Электронная библиотека » Виктор Королев » » онлайн чтение - страница 5


  • Текст добавлен: 4 июля 2022, 18:20


Автор книги: Виктор Королев


Жанр: Историческая литература, Современная проза


Возрастные ограничения: +16

сообщить о неприемлемом содержимом

Текущая страница: 5 (всего у книги 14 страниц) [доступный отрывок для чтения: 5 страниц]

Шрифт:
- 100% +

Глава 6
«Никто не сможет заменить вас»

СКРЫТЬ свои мысли легко – вы кладёте их в дальний ящик памяти и благополучно там забываете. Скрыть свои чувства сложнее, поскольку ими обычно делятся с кем-то, и забывать придётся уже обеим сторонам. А скрыть свои поступки, особенно если ты занимаешь важный пост, одному не под силу. Будешь полжизни собирать доказательства, что ты – это вовсе не ты, что тебя там вообще не было, и даже дороги туда не знаешь.

Доказать недоказуемое – можно. Но потом твою жизнь всё равно историки и писатели распишут по-своему, как им выгодно, как прикажут. Найдут и бытовой мусор, и станут копаться в постельном белье не хуже проводников железной дороги, когда поезд к конечной станции подходит. А то ещё и домой к тебе залезут, в шифоньере скелет найдут: «Ага! Это ли не искомое доказательство порочных связей, это ли не любовник, с прошлого столетия закрытый и забытый?»

Анжелика Балабанова никого и никогда не пускала в свою личную жизнь. Никого, особенно с немытыми руками и в сапогах. Даже в юности, когда влюбленность для всех – самое естественное состояние. Красивой она не была, а молодой – однажды было. Но влюблялась так, чтоб доказательств никаких и чтоб никто не догадался.

«В своей комнате я угостила его чаем, пока он продолжал говорить. После того случая он часто навещал меня. Для меня это были часы огромной радости – разделять мысли человека с таким опытом, такого мужественного! Около трех часов дня ему нужно было быть в парламенте, и я часто сопровождала его, расставаясь с ним только в самый последний момент».

Так было в Брюсселе, когда она училась в Новом университете…

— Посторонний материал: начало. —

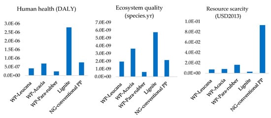 The endpoint environmental impacts for electricity production from acacia wood pellets, leucaena wood pellets, and para-rubber wood pellets, lignite, and natural gas (in conventional power plants) have been compared. The results of human health and ecosystem quality show that lignite has the highest impacts (Figure 7). The results of ecosystem quality are similar to human health, except that acacia wood pellets are higher than natural gas in ecosystem quality. This is from the higher use of resources for two crops of Acacia plantation in 10 years, which is more than the other crops. The use of wood pellets for electricity production can reduce the endpoint environmental impacts compared to lignite. Resource scarcity of wood pellets are lower than natural gas, but not lignite which has a very low value. This is because, although the quantity of fossil fuels is decreasing, there is still a lot of lignite available in Asia (4900 million tonnes in 2018), especially in China and Indonesia [45]. Hence, the environmental cost of lignite extraction still is lower than other fossil fuels.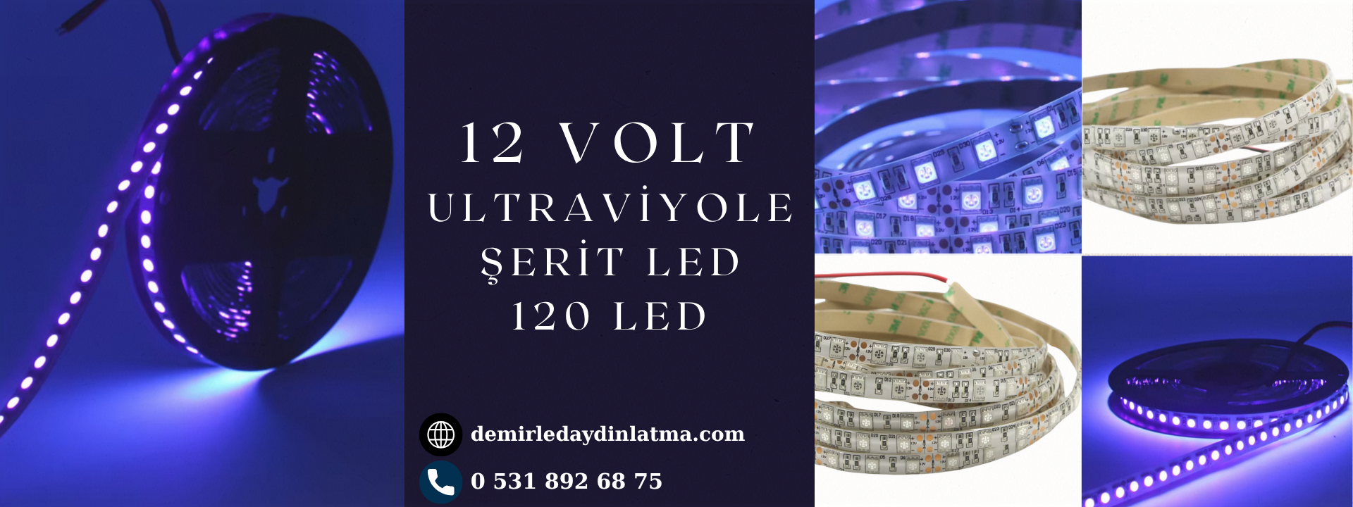 Ultraviyole 2835 Şerit Led 12V Uv Şerit Led Black Light 120 Ledli ( 5 Metre )

Могла ли подумать тогда бедная социалистка Анжелика Балабанова – невысокая черноволосая женщина, не самая симпатичная, но знающая себе цену, гордая и принципиальная, но при этом добрая и отзывчивая, – что настанет время, всего каких-нибудь сто лет пройдёт, и поползут слухи, что она была любовницей не только Муссолини, но также Ленина и Троцкого?

Из какого шкафа скелеты вылезли? Из её же книги воспоминаний? Достаточно вам её словесного признания? «Когда мы прибыли в пункт назначения, Ленин сидел на балконе и грелся на солнышке. При виде его и от мысли, насколько близок он был к смерти, меня охватило волнение, и я молча обняла его». Ну и ладно! Обняла и обняла. Не задушила же в объятьях!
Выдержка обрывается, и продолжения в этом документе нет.